Der Schwarm – oder: die Entdeckung der Gefühle
Hat bislang in den letzten 499 Büchern immer Spannung durch haarscharfe Action und intensiver Kämpfe bestanden, wird hier nun eine 180° Drehung gemacht und Spannung wird nun durch Gefühle beim Leser erzeugt.
Trostlostigkeit aber nicht ohne Belohnung (die POLO kommt zurück), Weltuntergangsstimmung aber nicht ohne Hoffnung (Identifizerung des SCHWARM und der Rochenschiffe), Verzweiflung aber nicht ohne Tatendrang (Perry hat Pläne)…
Gab es vorher nur die Identifikation durch die Leitfiguren, Loyalität und Ehrgefühl, angesalzen mit zwischenzeitlichem Humor, kommt nun die komplette Retourkutsche und die eigene Gefühle werden zu dem Thema “Verdummung” und “Homo Superior” angesprochen. Das wofür und weswegen man eigentlich die ersten 499 Hefte gelesen hat, wird plötzlich beim “Untergang” auf den Kopf gestellt und man weiß nicht wohin.
Denn Perry Rhodan steht vor einem Scherbenhaufen. Er war es, der die Menschheit geeint und zu den Sternen geführt hatte. Das ist jetzt knapp 1.500 Jahre her und er muss erkennen, dass alles, wofür er gekämpft hat, in einem galaxisweiten Schicksalsschlag dem Verfall anheim gefallen ist. Alle Völker in der Milchstraße betrifft es, und so macht er sich mit den wenigen Immunen auf den Weg, das Phänomen zu erkunden und – natürlich! – das Problem zu beheben.

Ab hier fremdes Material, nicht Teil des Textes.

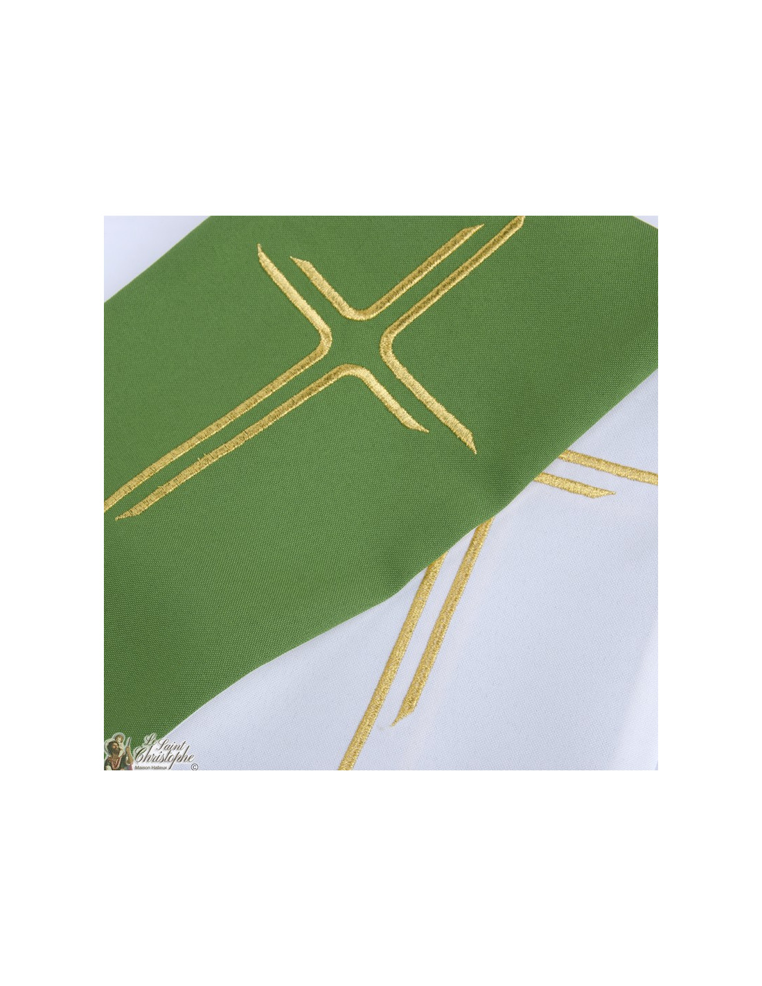 Esta estola sacerdotal bicolor es de doble cara o reversible. Un lado es blanco, el otro verde. Ambas caras están bordadas con hilo de oro, cuatro bordados idénticos. El diseño representa una cruz en un estilo moderno y sencillo.

Am Dienstag, 20. April 1971, erschien Heft 500 und ich MUSSTE es deswegen auch gestern – also Dienstag – zu Ende lesen. Fast exakt 47 Jahre liegen dazwischen und aktueller kann es derzeit nicht sein:
Während im Hier und Jetzt der Verfall der Sitten (bspw Gewalt gegen Rettungskräfte, Thema “Gaffer”) und Infragestellung der Regierung (Pegida/AfD, Reichsbürger) quasi eine große Depression durch das Land geht, inklusiv der Verdummung durch Fake-News und Wissenschaftsverweigerern (Trump, Flat-Earth-Society…), ja selbst der Homo Superior wird mit einer relativ aktuellen Studie aufgegriffen, in welcher gnadenlose Selbstüberschatzung und größte Dummheit Hand in Hand gehen. Diese systematisch fehlerhafte Neigung inkompetenter Menschen wird Dunning-Kruger-Effekt genannt.
Aber um zu Perry Rhodan zurückzukehren: Ich bin jetzt in der Phase der Serie angelangt, die ich für sehr interessant halte. Ein bisschen zerbricht das Herz, die bislang utopische Welt des Perryversums zerbrechen zu sehen. Und genau das motiviert hier, weiter zu lesen. Klar, ich weiß, dass der Zustand 47 Real-Jahre später längst überstanden ist, aber diese Tiefstunde zu lesen, in der fast alles hoffnungslos erscheint und dumme Menschen kindliche/zombiehafte Züge entwickeln, birgt seine eigene Spannung. Und hebt die Serie Perry Rhodan auf ein neues Level der Dramatik.